Read the full article, The Bataclan, Aching To Rock “n” Roll Again After Paris Attack.
DRESDEN EXPLOSIONS
A mosque and a conference center were targeted in two separate explosions late Monday in the eastern German city of Dresden, Deutsche Welle reports. The bombings left no injuries, and came just after an anti-Islam and anti-immigrant PEGIDA demonstration took place in the city.
FORMER MINISTER ARRESTED IN SCANDAL
Brazil’s former Finance Minister Antonio Palocci was arrested yesterday in connection with the country’s long-running corruption scheme at oil giant Petrobras, Folha de S. Paulo reports. Palocci served as finance minister under President Luiz Inacio Lula da Silva, who will also face trial over the Petrobras scandal, and as chief of staff under his successor, President Dilma Ms Rousseff, who was impeached last month for violating budget laws.
— MY GRAND-PERE’S WORLD
Sturdy Sentinel — Saksaywaman, 1996
ALEPPO AIRSTRIKE
The death toll of airstrikes on the eastern neighborhoods of Aleppo has risen to at least 26 civilians, including six children, UK-based monitoring group Syrian Observatory for Human Rights said this morning. Though it’s unclear who is behind the attacks, CNN writes that the opposition and the U.S. have blamed such shellings on the Syrian regime and Russian warplanes since a ceasefire was agreed upon earlier this month.
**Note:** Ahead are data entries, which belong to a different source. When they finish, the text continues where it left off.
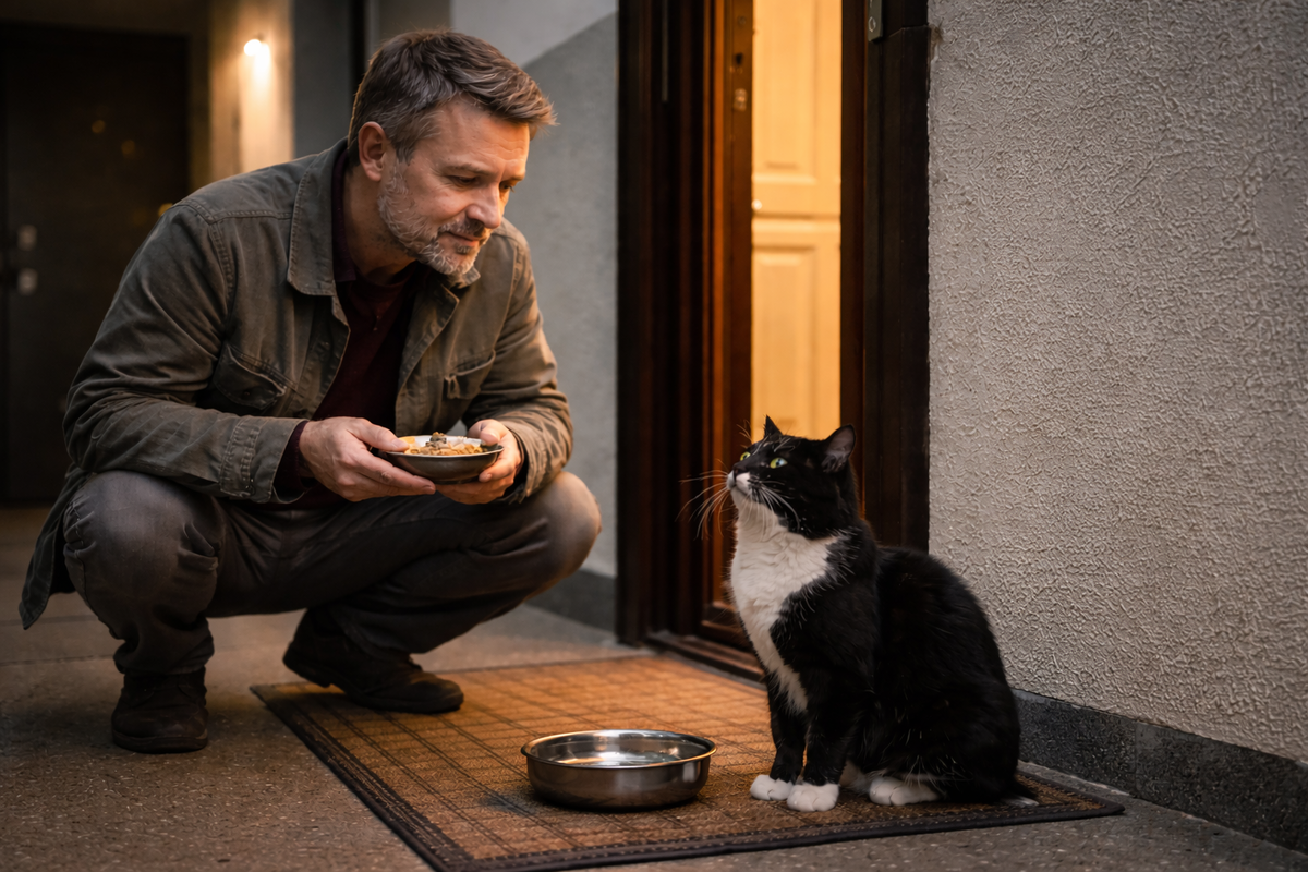 С этого момента произошло тонкое, но очень важное изменение: коврик у двери Сергея Петровича перестал быть нейтральной территорией и превратился в «прихожую с котом».
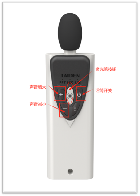通过无线话筒按键“+”“-”调节话筒声音的大小(请勿通过音频处理器的按钮手动调节)。
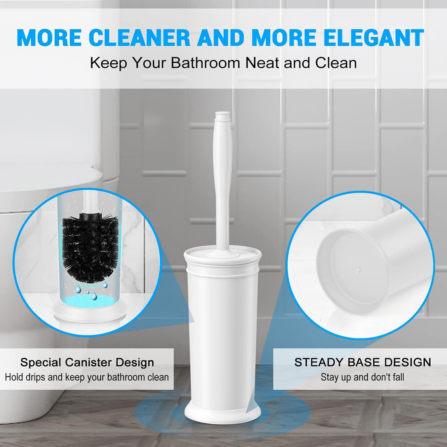 UPTRONIC Toilet Brush, 3 Pack Toilet Bowl Brush with Extra Long Handle Durable Bristles Toilet Scrubber and Covered Holder for Toilet Brush Set for Bathroom Cleaning (Black and White)
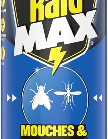 Raid Max Aérosol Mouches et Moustiques – 2 en 1 Action Rapide et Longue Durée – Sans Parfum Ajouté – 1 Aérosol – Le détail qui change tout au quotidien
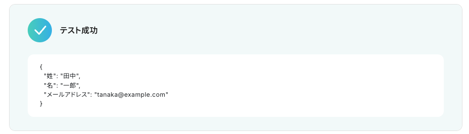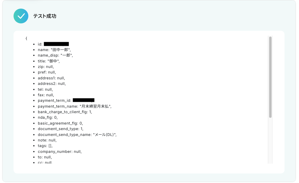 入力が完了したら「テスト」をクリックして、設定した内容でboardに顧客が登録されるか確認しましょう。
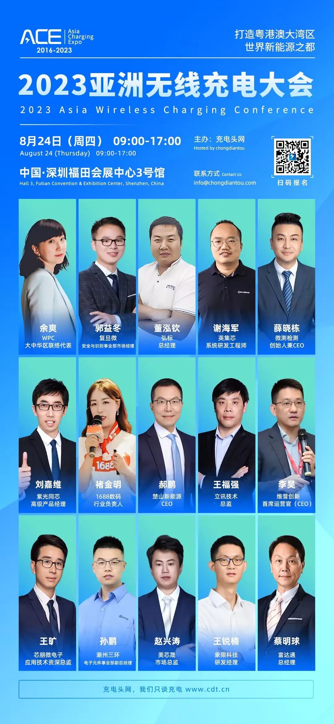 此次2023(秋季)亚洲充电展期间,8月24日(周四)同期举办2023亚洲无线充电大会,届时将有多家芯片和方案商企业参展,是您寻找无线充上游优质供应商不可错过的交流机会。

WATER NEAR JUPITER, LIFE ON MARS
NASA’s Hubble Space Telescope may have spotted “water vapor plumes” erupting off the surface of Jupiter’s moon Europa. In other news from the sky, Elon Musk is expected to livestream a speech outlining his ideas for how to establish a livable city on Mars within the next 10 years.
“GODFATHER OF GORE” DIES
Pittsburgh-born horror movie pioneer Herschell Gordon Lewis, whose taste for blood and violence in low-budget films like The Gruesome Twosome, Blood Feast or Two Thousand Maniacs earned him the nickname “godfather of gore,” has died in his sleep at his home in Pompano Beach, Florida. He was 87.
MORE STORIES, EXCLUSIVELY IN ENGLISH BY WORLDCRUNCH
- Earth’s Expanding Greenery Has An Unlikely Hero — Süddeutsche Zeitung
- Water Is The New Oil — The Rising Threat Of “Blue Gold” Wars — Les Echos
- Cuzco, A Living Ode To Peru’s Pre-Colonial Past — El Espectador
WELCOME TO KIDNEYWORLD
A urologist and professor emeritus at Michigan State has demonstrated that going on rollercoasters could help people pass kidney stones.